Именно упрощением занимался Высоцкий, когда выводил в своих песнях карикатурный образ советского человека-жлоба. Именно за этот талант, судя по всему, его и ценили Андропов и К°. Как пел сам бард:

Вы — втихаря хихикали, А я — давно вовсю!

Обратим внимание и на то, как менялся официальный советский юмор в 70-е годы: он дрейфовал в сторону Низа, а не в сторону Верха (как у того же Рабле в его Телемском аббатстве). Образно говоря, вместо Аркадия Райкина с его философскими размышлениями на авансцену уже выходил Геннадий Хазанов с его студентом кулинарного техникума, который объелся арбуза и никак не мог найти место, чтобы «отлить». Заметим, что советская юмористика — это почти сплошь одни евреи.
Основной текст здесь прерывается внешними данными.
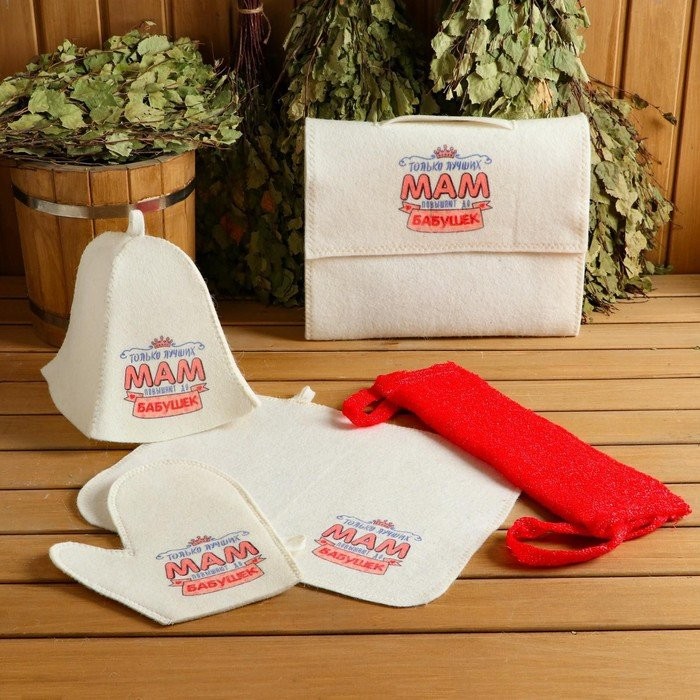 Для комфортного отдыха в парной возьмите с собой набор банных принадлежностей. Предметы из этого комплекта предохраняют тело от перегрева и являются средствами индивидуального пользования. Влажные изделия рекомендуется сушить в расправленном виде на горизонтальной поверхности. Принадлежности из войлока и фетра стирайте вручную при температуре воды 30 °C.
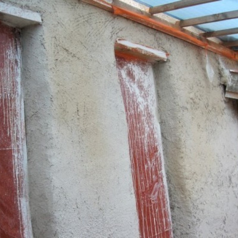 Ali avait donc préparé le mur en pisé, c'est à dire passé un mortier terre-paille-chaux. Le fait de passer un gobetis n'était pas absolument nécessaire mais plus prudent et intéressant dans le cadre de la formation.
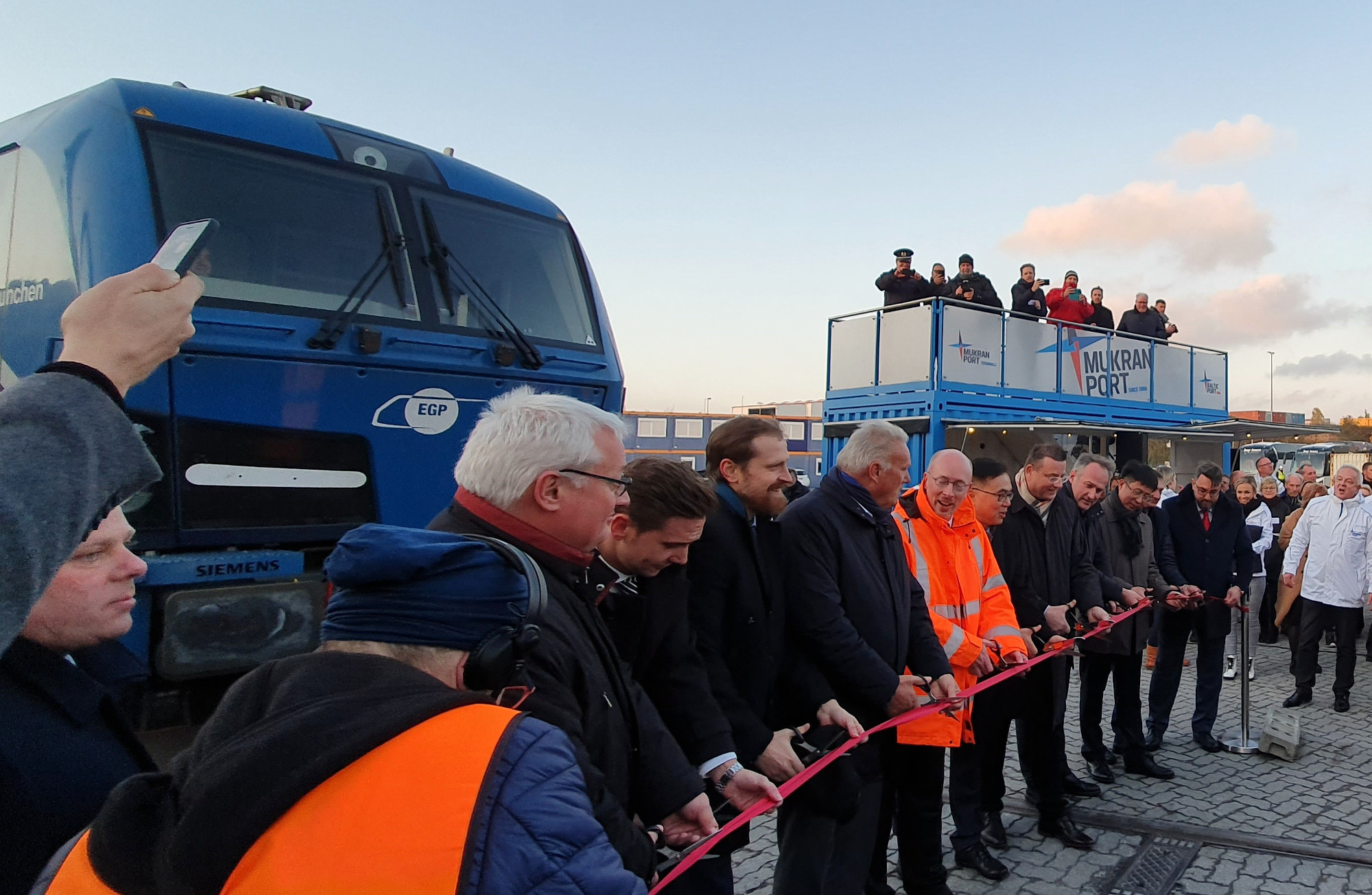 Sassnitz-Mukran, November 19, 2019 - The first direct freight train connection between China and Mecklenburg-Western Pomerania arrived at Mukran Port on Tuesday 12th November. The train going east started its journey with 48 Containers. The 640m long freight train going west started its 10.000 km long trip from Xi´an in China via Kazakhstan, Russia and Belarus to Baltijsk in Kaliningrad loaded with 41 Containers, where they were loaded onto a short sea carrier. Arriving at Mukran Port the team of Mukran Port Terminals GmbH & Co. KG handled the cargo and lifted the containers back onto a train.This new route of the “Silk Road Initiative” was ceremonially inaugurated by all parties and persons involved.
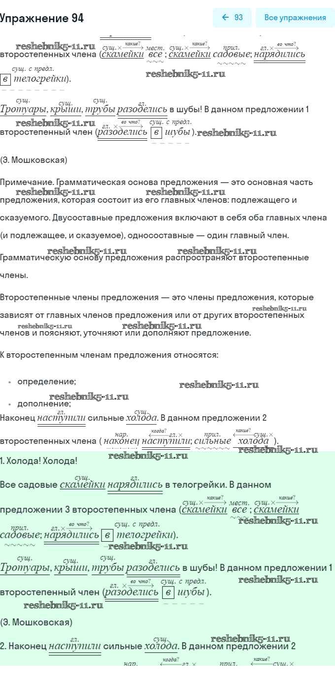 Готовая домашняя работа с ответами по Русскому языку за 5 класс Янченко, Латфуллина, Михайлова Рабочая тетрадь Часть 1, 2 Просвещение 2019 ФГОС - Часть 1 (Упражнения) 94
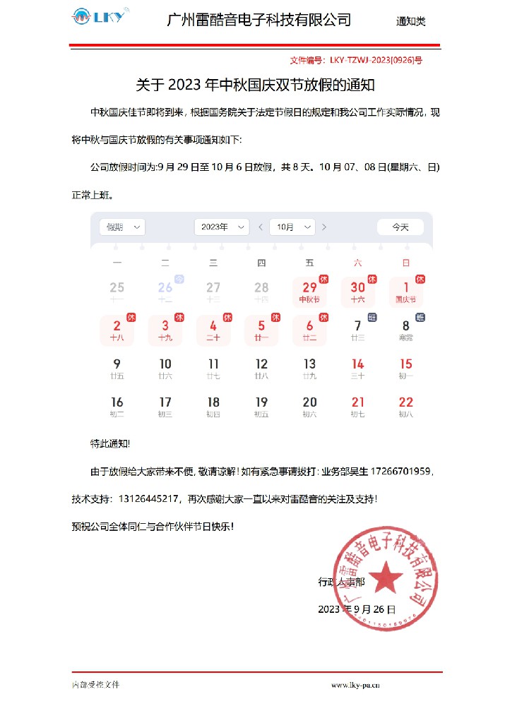 文件編號:LKY-TZWJ-2023[0926]號關于2023年中秋國慶雙節放假的通知中秋國慶佳節即將到來,根據國務院關于法定節假日的規定和我公司工作實際情況,現將中秋與國慶節放假的有關事項通知如下:公司··· 2023-09-26
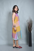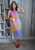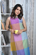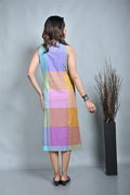 Purple-Blue Pastel Checks Handwoven Halter-Neck Long Dress
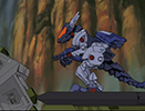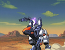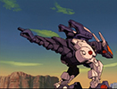 Dorset's Gun Sniper is cloaked by optical stealth that creates the image of a rock formation around it, allowing it to hide even larger Zoids like a Gustav with trailer.

Они же почти все поголовно поддержат и горбачевскую перестройку, которая будет не чем иным, как окончательным оформлением Телемского аббатства на территории СССР. Не случайно и то, что именно в перестройку на щит будет поднят и Высоцкий, но уже не как рядовой «глашатай свободы», а как лауреат Государственной премии СССР. Впрочем, не будем забегать вперед и вернемся в год 1972-й.